2.4.2 A contract in favor of a third person within the meaning of Art. 112 CO is a contract by which a party, the stipulator, causes another party, the promisor, to commit in favor of a third party, the beneficiary (Pierre Engel, Traité des obligations en droit suisse, 2e éd. 1997, p. 417). When such was the intent of the parties, the third party or its successors may seek performance personally (Art. 112 (2) CO). In that case, the contract in favor of a third person is perfected.

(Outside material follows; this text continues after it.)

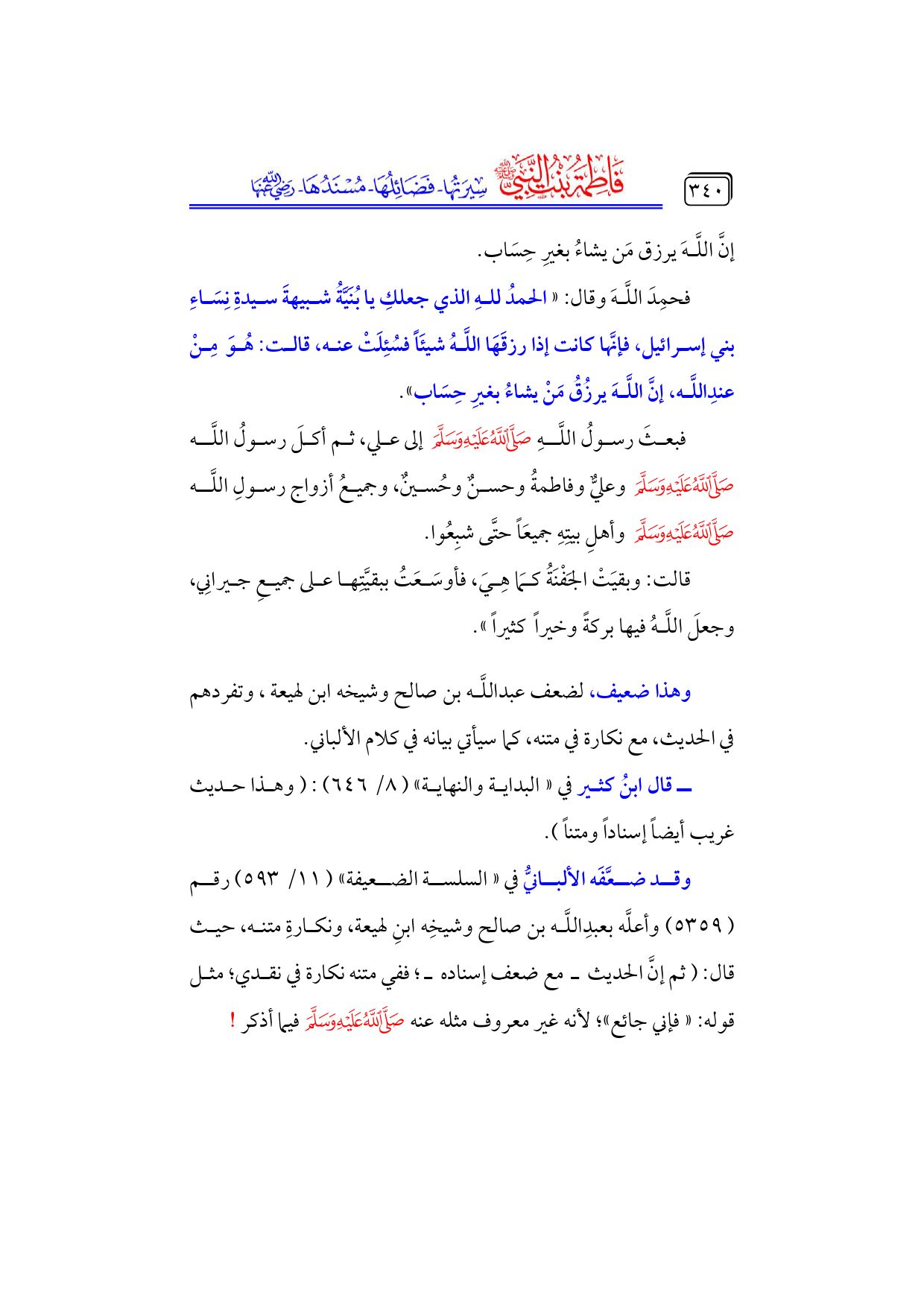 كتاب فاطمة بنت النبي - صلى الله عليه وسلم - سيرتها، فضائلها، مسندها - رضي الله عنها - (اسم الجزء: 4)

It must be granted to the Appellant that the circumstances of the case at hand are not typical of that legal pattern, certainly very frequent in practice but generally in other fields of the law than that involving companies or the relationships between partners, such as insurance or the relationship between the banks and their clients (for some examples see Engel, op. cit., p. 422 to 424). Thus the real purpose of the Agreements was to enable D.X.________ to leave the family group and for the members of the B.X.________ branch to buy back his shares. As to B.X.________, D.X.________ and C.X.________ (the stipulators), their prime intent was not to give V.X.________ (the beneficiary) the right to claim personally from A.X.________ (the promisor) that he should deliver his 70,187 Z.X.________ shares when it would increase its capital. Such a contribution was only one of the fourteen steps of the significant transactions that had to be carried out with a view to reaching the goal sought and which also implicated other companies than V.X.________. It would also remain to be shown that the latter would itself have found an advantage in the acquisition of the Z.X.________ shares held by A.X.________ against delivery to him of its own newly issued shares.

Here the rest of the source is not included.